Эсфирь Коблер

Эсфирь Коблер

Новый Монтень № 18 (582) от 21 июня 2022 года

Записки старого пса

Из рассказа «Человек и голуби»

Вместо предисловия

И тогда в моём доме появились они. Кошка Дашка и пёс Ким, или Кимыч, как прозвали его во дворе.

Мне казалось, что я выплакала все слёзы, что теперь в моей пустой и разорённой квартире невозможно будет смеяться. Я приходила с работы, а работала я через силу – в начале 90‑х приходилось не только преподавать, но и чужие полы мыть и чужое бельё гладить. Я приходила с работы и падала на кровать. Тут же два мокрых носа появлялись рядом. Кошечка, бело‑розовая, с палевыми пятнами, ложилась на меня, прямо на сердце, а пёс, большой, тоже белый, но с тёмной мордой и тёмными пятнами на голове и у хвоста, укладывался обязательно под левый бок. Прогнать их было невозможно никакими силами. А через некоторое время я стала замечать, что сердечные приступы проходят, что я даже понемногу начинаю улыбаться, что с дочерью мы реже ссоримся.

 

Утром и вечером на собачьей площадке собиралась большая и приятная компания породистых собак и их интеллигентных хозяев. Собаки обучались всяким премудростям, а хозяева болтали о всякой всячине. Мой Кимыч, весёлый и беспородный дворянин, был в элитном клубе в полном смысле слова белой вороной. Но он был умнее всех. Пока собачьих детей и подростков обучали всяким приёмам, специальным командам и послушанию, Кимыч просто внимательно слушал меня, а потом, быстренько сообразив, что к чему, выполнял мою просьбу. Истинные собачники восхищались им. Надо сказать, что Кимыч появился у нас случайно. Дочь ехала в трамвае, который шёл от Птичьего рынка, Птички, как его прозвали в народе, и подростки, не продав щенка, просто бросили его в трамвае. Водитель, тётка, видимо, злая, начала беднягу бить палкой, выгоняя из вагона. Аня пожалела его и взяла домой. Не могу сказать, что я обрадовалась будущему любимцу. Он везде писал, жался к ногам, жалобно скулил. Пришлось прививать его, лечить уши и приучать к прогулкам. Отдать мы его не смогли.

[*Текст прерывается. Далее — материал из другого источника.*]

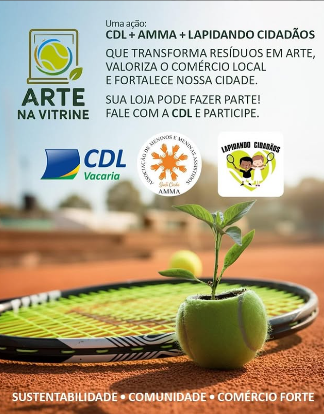 O Arte na Vitrine é uma parceria entre a CDL Vacaria, a AMMA Santa Cecília e o Lapidando Cidadãos, que dá novo destino a bolinhas de tênis usadas e tubos de bolas, transformando o que iria para o lixo em arte criada pelos jovens da AMMA. 🎾✨

Дело в том, что за месяц до его появления в доме, я на двадцатилетие дочери подарила ей кошечку. Мы хотели сиамку. Но в тот день, когда я поехала на Птичку, не было там сиамок. Я собралась уходить, и вот на выходе две девушки держали рыжих котят, а среди них бело‑розовое существо с миндалевидными зелёными глазами, длинными лапами и такой нежной шкуркой, что глаз оторвать нельзя. Я взяла эту кошечку. Войдя в дом, она расцеловала всех, сразу нашла свой туалет. Требовательно мяукала, чтобы тут же, немедленно убирали за ней. Она быстро обжила нашу маленькую квартирку и навела уют. Когда принесли плачущего, испуганного и больного Кимыча, она сразу бросилась его спасать. Даша, а так мы назвали её, потому что она была душечка с покладистым характером и необыкновенной добротой, бросилась спасать щенка как своего котенка. Она ложилась к нему на подстилку, вылизывала ушки, целовала в глазки, мурлыкала ему колыбельные. Словом, разлучать их было невозможно. Так они и прожили у нас пятнадцать лет вместе, как говорится, душа в душу.

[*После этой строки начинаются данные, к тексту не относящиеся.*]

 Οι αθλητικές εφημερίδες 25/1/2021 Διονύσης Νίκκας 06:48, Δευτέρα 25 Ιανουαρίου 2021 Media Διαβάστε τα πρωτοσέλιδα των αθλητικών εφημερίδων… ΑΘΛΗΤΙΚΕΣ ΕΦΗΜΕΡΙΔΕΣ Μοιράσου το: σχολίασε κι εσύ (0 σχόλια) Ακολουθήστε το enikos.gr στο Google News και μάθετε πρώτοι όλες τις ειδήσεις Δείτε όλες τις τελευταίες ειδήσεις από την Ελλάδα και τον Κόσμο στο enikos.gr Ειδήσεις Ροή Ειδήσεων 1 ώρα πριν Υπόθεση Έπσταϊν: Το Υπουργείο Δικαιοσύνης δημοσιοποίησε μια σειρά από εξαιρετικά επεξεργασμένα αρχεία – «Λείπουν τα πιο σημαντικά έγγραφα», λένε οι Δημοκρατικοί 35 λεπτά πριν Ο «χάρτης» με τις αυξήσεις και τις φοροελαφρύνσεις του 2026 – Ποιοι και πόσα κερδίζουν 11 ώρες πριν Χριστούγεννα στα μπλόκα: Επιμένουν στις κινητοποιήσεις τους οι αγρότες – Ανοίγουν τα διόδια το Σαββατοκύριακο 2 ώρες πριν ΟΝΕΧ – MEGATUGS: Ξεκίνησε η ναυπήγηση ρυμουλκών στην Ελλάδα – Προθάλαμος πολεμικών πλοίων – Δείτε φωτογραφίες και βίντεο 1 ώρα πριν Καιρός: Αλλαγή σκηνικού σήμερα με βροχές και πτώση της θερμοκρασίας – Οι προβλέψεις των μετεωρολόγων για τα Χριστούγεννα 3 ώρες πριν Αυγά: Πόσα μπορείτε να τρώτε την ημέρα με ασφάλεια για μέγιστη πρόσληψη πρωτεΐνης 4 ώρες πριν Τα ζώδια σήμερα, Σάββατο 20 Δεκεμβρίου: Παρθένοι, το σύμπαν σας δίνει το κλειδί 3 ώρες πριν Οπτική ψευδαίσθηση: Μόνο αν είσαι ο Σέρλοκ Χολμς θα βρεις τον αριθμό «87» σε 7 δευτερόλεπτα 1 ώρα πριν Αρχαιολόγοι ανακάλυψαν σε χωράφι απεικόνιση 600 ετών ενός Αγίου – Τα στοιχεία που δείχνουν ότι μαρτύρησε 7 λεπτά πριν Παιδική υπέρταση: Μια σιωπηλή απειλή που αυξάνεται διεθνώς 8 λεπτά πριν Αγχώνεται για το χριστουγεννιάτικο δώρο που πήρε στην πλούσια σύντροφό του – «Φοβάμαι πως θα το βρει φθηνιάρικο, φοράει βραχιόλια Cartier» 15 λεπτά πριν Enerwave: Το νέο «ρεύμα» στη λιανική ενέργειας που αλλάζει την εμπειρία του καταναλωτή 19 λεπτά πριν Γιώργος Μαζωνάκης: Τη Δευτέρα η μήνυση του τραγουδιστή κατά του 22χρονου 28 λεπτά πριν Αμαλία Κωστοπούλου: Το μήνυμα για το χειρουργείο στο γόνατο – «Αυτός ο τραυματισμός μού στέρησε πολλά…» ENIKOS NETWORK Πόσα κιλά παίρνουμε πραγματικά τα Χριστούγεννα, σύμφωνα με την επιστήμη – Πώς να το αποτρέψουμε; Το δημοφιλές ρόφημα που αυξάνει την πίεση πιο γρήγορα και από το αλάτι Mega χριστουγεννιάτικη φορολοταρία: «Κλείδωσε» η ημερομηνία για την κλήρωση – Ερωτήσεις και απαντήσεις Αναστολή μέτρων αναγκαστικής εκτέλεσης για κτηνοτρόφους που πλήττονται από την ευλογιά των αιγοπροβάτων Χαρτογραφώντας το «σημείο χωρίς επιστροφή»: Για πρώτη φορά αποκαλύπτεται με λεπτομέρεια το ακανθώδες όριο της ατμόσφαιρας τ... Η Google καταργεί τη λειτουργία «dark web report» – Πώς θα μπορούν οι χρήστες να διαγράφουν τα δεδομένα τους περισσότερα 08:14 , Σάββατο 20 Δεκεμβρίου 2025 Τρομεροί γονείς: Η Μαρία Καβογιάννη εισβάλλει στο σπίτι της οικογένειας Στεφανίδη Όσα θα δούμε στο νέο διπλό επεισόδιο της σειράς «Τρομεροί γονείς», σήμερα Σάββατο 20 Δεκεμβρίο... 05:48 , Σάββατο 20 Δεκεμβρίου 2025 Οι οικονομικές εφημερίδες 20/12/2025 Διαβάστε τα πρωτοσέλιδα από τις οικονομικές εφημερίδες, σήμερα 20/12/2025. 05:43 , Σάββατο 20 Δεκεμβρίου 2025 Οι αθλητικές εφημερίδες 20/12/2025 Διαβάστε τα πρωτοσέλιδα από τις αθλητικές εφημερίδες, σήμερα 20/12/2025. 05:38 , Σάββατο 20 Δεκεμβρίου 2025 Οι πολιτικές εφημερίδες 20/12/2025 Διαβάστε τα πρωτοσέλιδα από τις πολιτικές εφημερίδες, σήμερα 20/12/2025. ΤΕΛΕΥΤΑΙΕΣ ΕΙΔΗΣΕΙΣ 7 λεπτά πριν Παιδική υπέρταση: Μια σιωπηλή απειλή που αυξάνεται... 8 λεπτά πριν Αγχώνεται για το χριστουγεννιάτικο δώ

Кимыч быстро освоился, принял все правила общежития, и через полгода на улицу вылетал весёлый, крепкий, задиристый пёс. Пока какой-нибудь ризен или питбуль соображали, куда хозяин палочку бросил, мой неугомонный весельчак успевал палочку перехватить и мне принести. Со временем пришлось больших собак, с которыми мы познакомились на щенячьей площадке, обходить. Ох, невзлюбили они Кимыча за сообразительность и бесстрашие, с которым он с ними дрался. Поэтому гуляла я с соседкой с маленьким шпицем.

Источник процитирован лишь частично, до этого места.